Software Patents: Court of Appeal Ruling

December 1, 2014

In Lantana Ltd v The Comptroller General of Patents, Design and Trade Marks [2014] EWCA Civ 1463, the Court of Appeal has supported the rulings of the Comptroller and Birss J and ruled against granting a patent in respect of software. As Arden LJ put it, ‘the invention is no more than the computerisation of a process which could already be done without a computer’.

Despite the relatively easy conclusion of the claim, the case is of interest for the discussion by Arden LJ and Kitchin LJ of the various exceptions to exclusion which might have applied. As readers will know, computer programs are not wholly excluded from patent protection; they are excluded unless the applicant shows that his application goes beyond an application for a computer program ‘as such’. 

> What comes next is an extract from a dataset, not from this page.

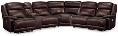 VonKurt 6-Piece Power Leather Reclining Modular Sectional with Console, Dark

Lantana’s application related to a method of extracting and transferring data between two computers.  It works when both computers are linked up to the internet and one makes a request to the other for a file.  The local computer will have a list of the documents on the other computer. The user of the local computer sends an e-mail message to the other which automatically responds by sending a message to the local computer with the file attached.  Arden LJ illustrated this by using the example of a solicitor who had gone to South America and wished to use a precedent for a joint venture agreement which he had on his desk computer in his London office. He or she could use the software to get the file for use where he or she was located abroad without the need for continuous connection to the server in London and the risks of being hacked while so connected or losing the connection. 

In seeking to claim that there was a technical contribution, Lantana relied on Decision 83/0006 IBM (where a method of communication between programs and files held on different computers was held to be patentable).  However, while acknowledging the similarity, Arden LJ stated (at [42]) ‘that decision is now over twenty years old and this is a very fact-sensitive area … It cannot be right… that simply because at one point in history a process constitutes a technical contribution that the same or similar process, even if novel, will constitute a technical contribution for all time’.  She went on to observe (at [53]):

It is not the fact that the invention relates to a computer program that renders it un-patentable.  The exclusion is not so worded.  It is worded as a partial exclusion.  The invention must make some technical contribution over and above that provided by the program itself, such as an improvement in the working of the computer ….  In this case, there was no technical contribution outside the computer program. The transfer of data and recovery of the file by an automatic email were not inventive steps in themselves.  Thus I conclude that the computer program does not relevantly operate as more than a program.  Lantana may overcome the hurdle of achieving a novel and inventive step but it has not overcome the hurdle of being excluded matter under section 1(2) of the PA 77.  This appeal must be dismissed.